The conduct of the accused in this case, not only shows his unfitness to be a member of this court, but shows that his perceptions of the duties and responsibilities of an attorney are such as to render him an undesirable associate of the members of a highly honorable profession, and dangerous for clients who may seek his assistance as an attorney. While we cannot overlook the fact that striking the name of the accused from the roll and revoking his license may result in serious consequences to himself and family, we cannot be unmindful of the duty we owe to ourselves, the courts of the state, the members of the bar, and the community in general.

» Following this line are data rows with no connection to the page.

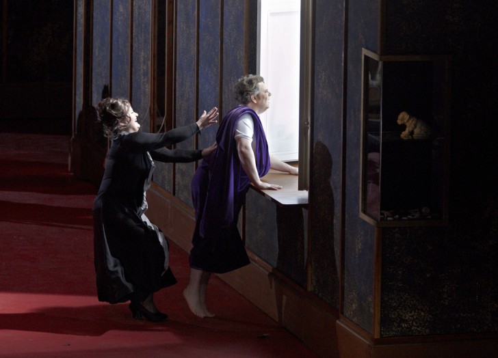 La première partie justifie la démarche des deux metteurs en scène, plus même qu'un spectateur déjà aguerri à la version habituelle aurait pu le croire. Le décor d'Anna Viebrock, sans nul doute la plus grande décoratrice de théâtre d'aujourd'hui, reconstitue le foyer de la salle de la création de 1912, comme celui de 2001 avait joué avec celui du Großes Festspielhaus salzbourgeois où le spectacle avait lieu ; pourtant, les deux mises en scène comme les deux décors, malgré leurs auteurs identiques, sont extrêmement différentes. Ce n'est pas qu'il n'y ait pas de points communs : l'idée d'une fraternisation entre les deux femmes, par exemple, était déjà présente en 2001, et l'alcool y jouait un rôle similaire ; mais les termes de l'entente ne sont plus tout à fait les mêmes : ici, Ariane retrouve suffisamment d'envie de vivre pour faire littéralement la conquête d'un pleutre Bacchus sorti traumatisé des bras de Circé. On y perd sans doute une partie de la mélancolie du spectacle de 2001, où les matériaux froids de l'architecture 1960 dessinaient un monde hostile – alors que cette Ariane 2012 vit dans les formes élégantes de la Belle époque, où certes elle semble condamnée au début du spectacle aux supplices de l'attente – rien qui ne ressemble tant à une salle d'attente qu'un foyer de théâtre –, mais avec tout le confort moderne. Bacchus n'est pas ici un accomplissement, tout au plus une étape de plus dans les efforts d'une grande bourgeoise pour se désennuyer.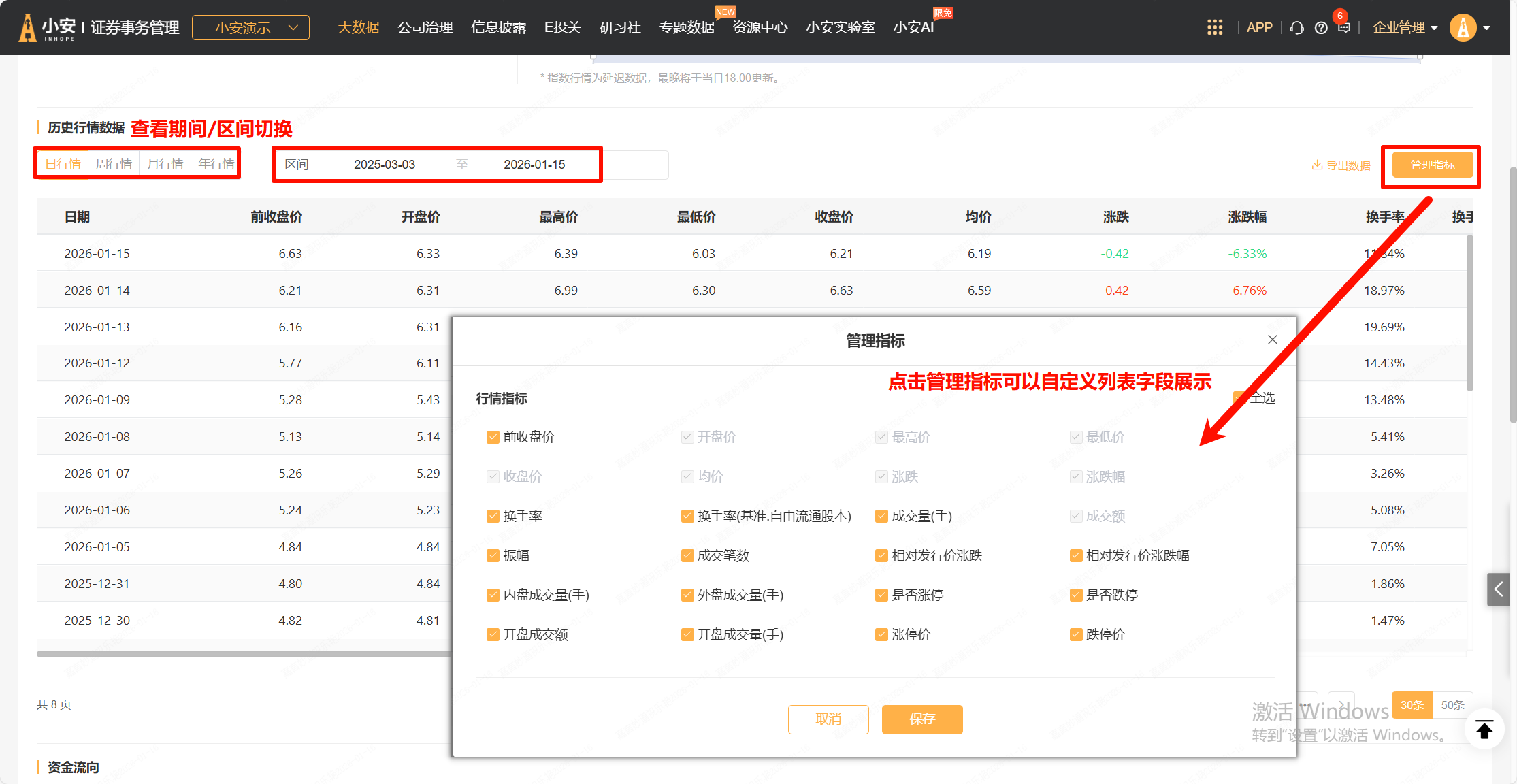 对于历史行情数据,可以切换期间(日/周/月/年行情)、自主选择区间和自定义指标查看。如果需要导出当前界面数据,可以点击“导出指标”对应下载Excel文件使用。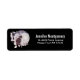 Address labels with a watercolor painting of a black cat and a light purple and pink floral bouquet. Standing in front a a large full moon. Stylish and magical.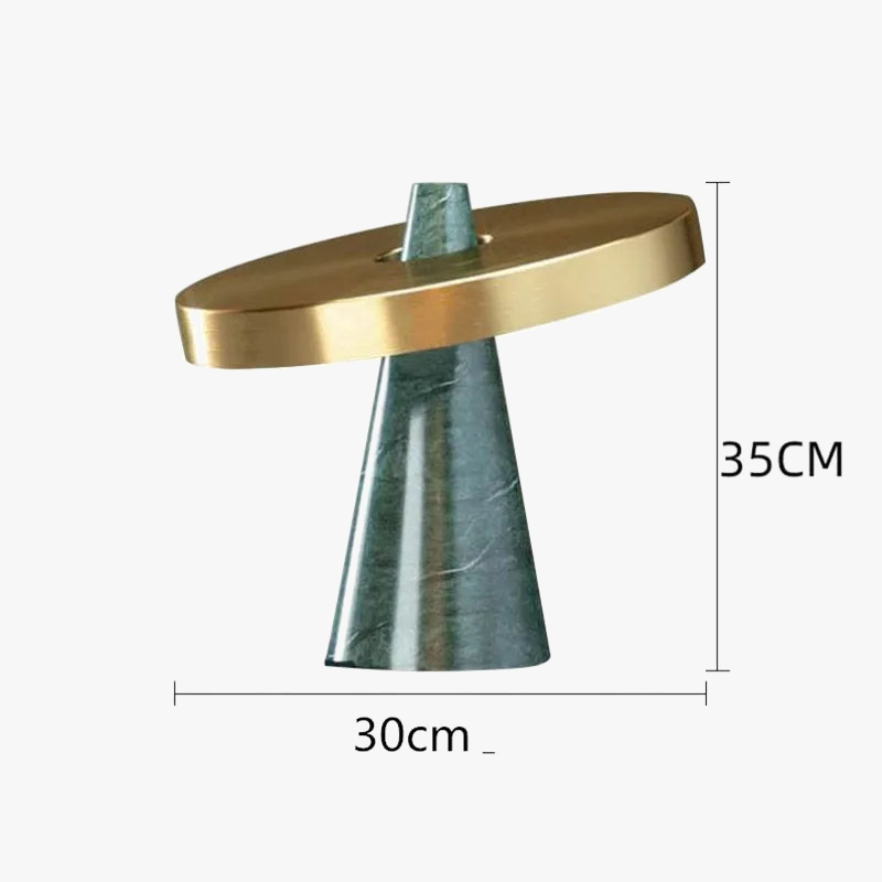 Le marbre, matériau noble et intemporel, est ici employé dans un vert doux et apaisant, qui se marie à merveille avec le métal doré de la structure. Cette combinaison de couleurs et de matériaux donne à cette lampe un look unique, qui ne manquera pas de faire sensation auprès de vos invités.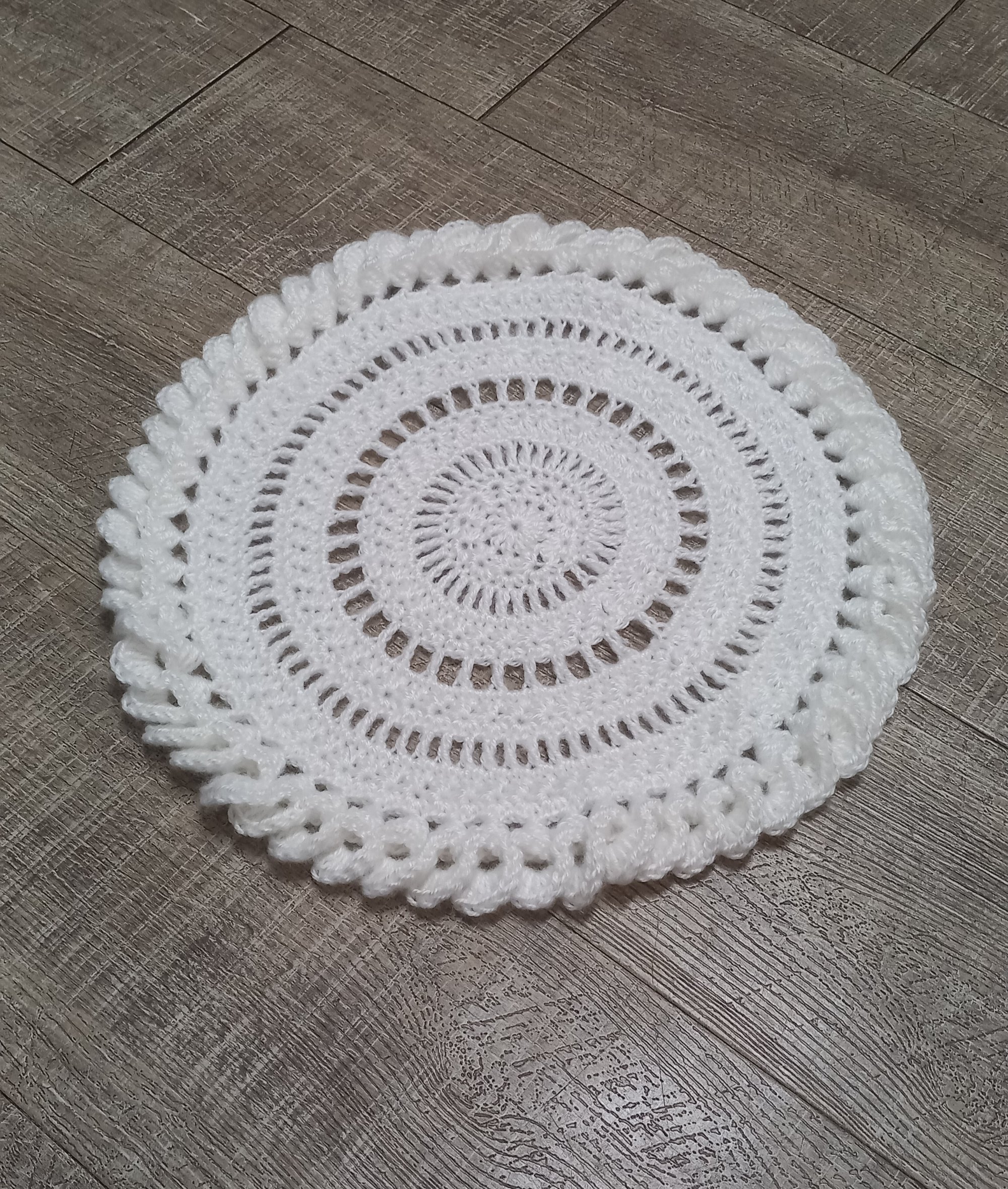 Ce napperon blanc, à la fois décoratif et fonctionnel, est idéal pour sublimer une plante ou une table grâce à son design délicat et intemporel, apportant une touche trés douce au crochet et d’élégance à votre intérieur.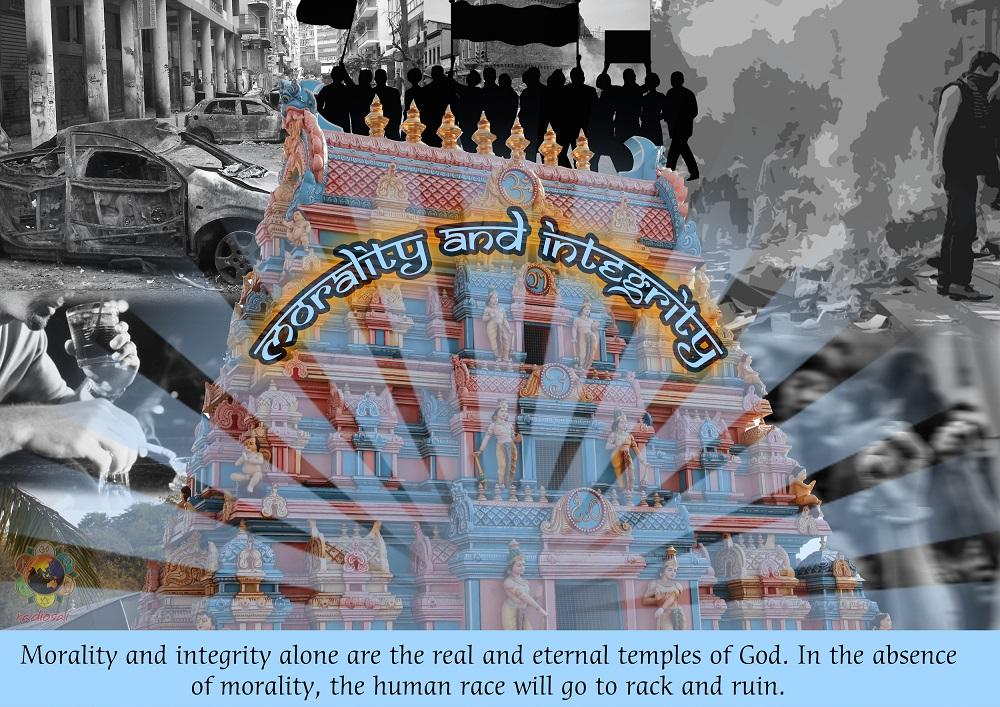 • “Right conduct is the royal road for man to achieve the highest state in life. When morality declines in a man, society, or nation, that man, society or nation faces destruction. The loss of morality may even result in the destruction of an entire civilization built up over centuries. Without morality, people perish. Morality is the life-breath of humanity. It is because of the decline of morals that humanity today is decadent.”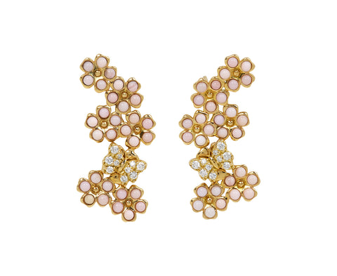 With their sweet composition and warm tones, these Grace Winfrey earrings have an understated sophistication. The 18K yellow gold drops are composed of pink opal flowers surrounding shimmering diamond butterflies. The flowers cascade down from the 18K yellow gold post backs, creating a perfect earring for wearing from day to night.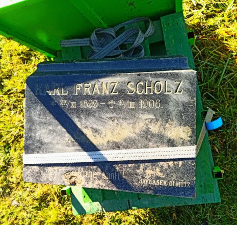 Kdo a proč kdysi těžká roznorodá torza dovlekl až sem, zůstává záhadou. Dnes se díky Emilově trojnožce povedlo rozvalený náhrobek rodiny Scholzovy opět sestavit.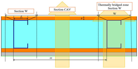 Regions of Section W and Section CAV in LSF wall based on ASHRAE method [13].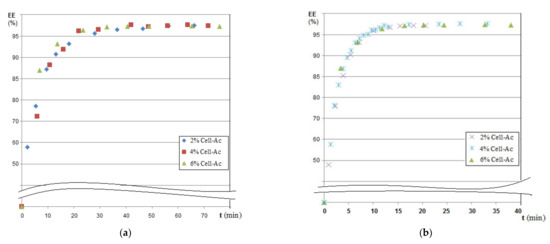The extraction efficiency (EE%) for the species of interest using the concentration of the solutions [80] was calculated as follows: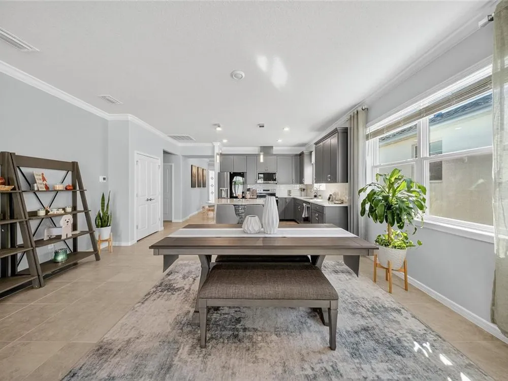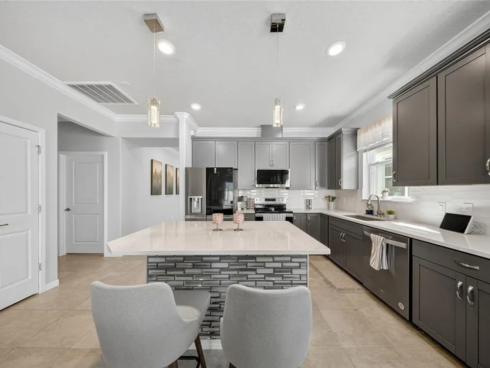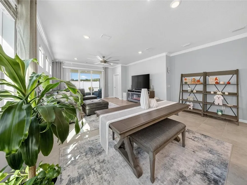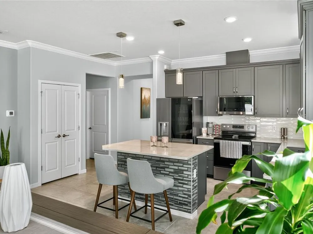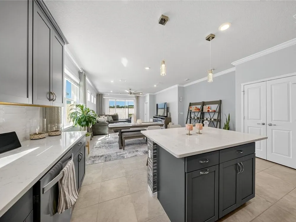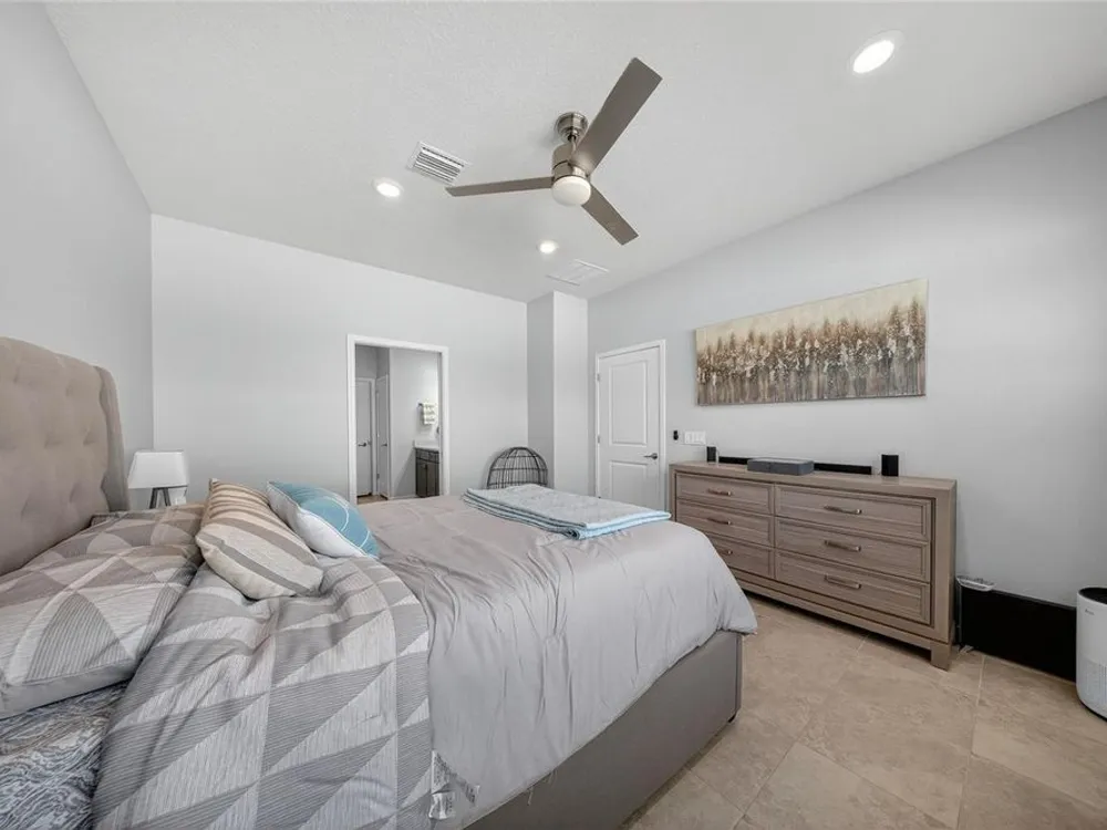 Beautiful meticulously maintained Villa in a 55+ gated community, Tohoqua Reserve. This move-in ready home features lots of upgrades. This spacious 2-bedroom, 2-bathroom home features a versatile flex room, perfect for an office, or can be easily converted into a third bedroom. Upon entering the home, you’ll notice the beautiful crown molding throughout the home, and an abundance of natural light filling the living space. The open floor plan combines the kitchen, dining, and living areas, creating a beautiful large open, bright and welcoming space. Tile throughout home, no carpet. The kitchen features lots of storage space, a pantry, gray cabinets, quartz countertops, an island, and stainless-steel appliances. Through the triple sliding glass doors is a screened-in covered lanai, with extended pavers and artificial grass, perfect for relaxation. The large main bedroom offers a bathroom with a dual sink vanity, tile shower, linen closet, and a large walk-in closet. The 2-car garage features an upgraded epoxy floor for improved durability and sleek appearance. Fenced in yard. This community offers excellent recreational amenities, including access to 2 resort-style pools, clubhouse, tennis and pickleball courts, bocce ball court, fire pits, fitness centers, playground, and scenic walking trails. Tohoqua Reserve is conveniently located near US-192 and the FL Turnpike and is within 30 minutes of Orlando International Airport and Disney World. Lots of shopping centers near by and close to the beautiful Saint Cloud Lake Front area. Furnished - By Appointment Only

Such conduct as has been shown in this case reflects, not only upon the attorney himself, but seriously reflects upon the court and the members of the bar. All of the considerations that could be advanced in favor of the accused were ably presented by eminent counsel, but we have failed to- discover any extenuating circumstances attending this remarkable transaction. To permit the accused to longer remain an officer of the court and entitled to the privileges accorded to an attorney would be to lower the standard of professional conduct, and encourage the younger members of the bar to pursue a course that cannot be recognized by this court. It has been the aim of this court to elevate the character both morally and intellectually of the members of the bar and to retain the accused longer as a member of the bar would be doing an injustice to ourselves, to the profession, and to- the community. Unpleasant, therefore, as is the duty, we must perform it, and strike from the roll of this court the name of the accused, and cancel the license heretofore issued to him.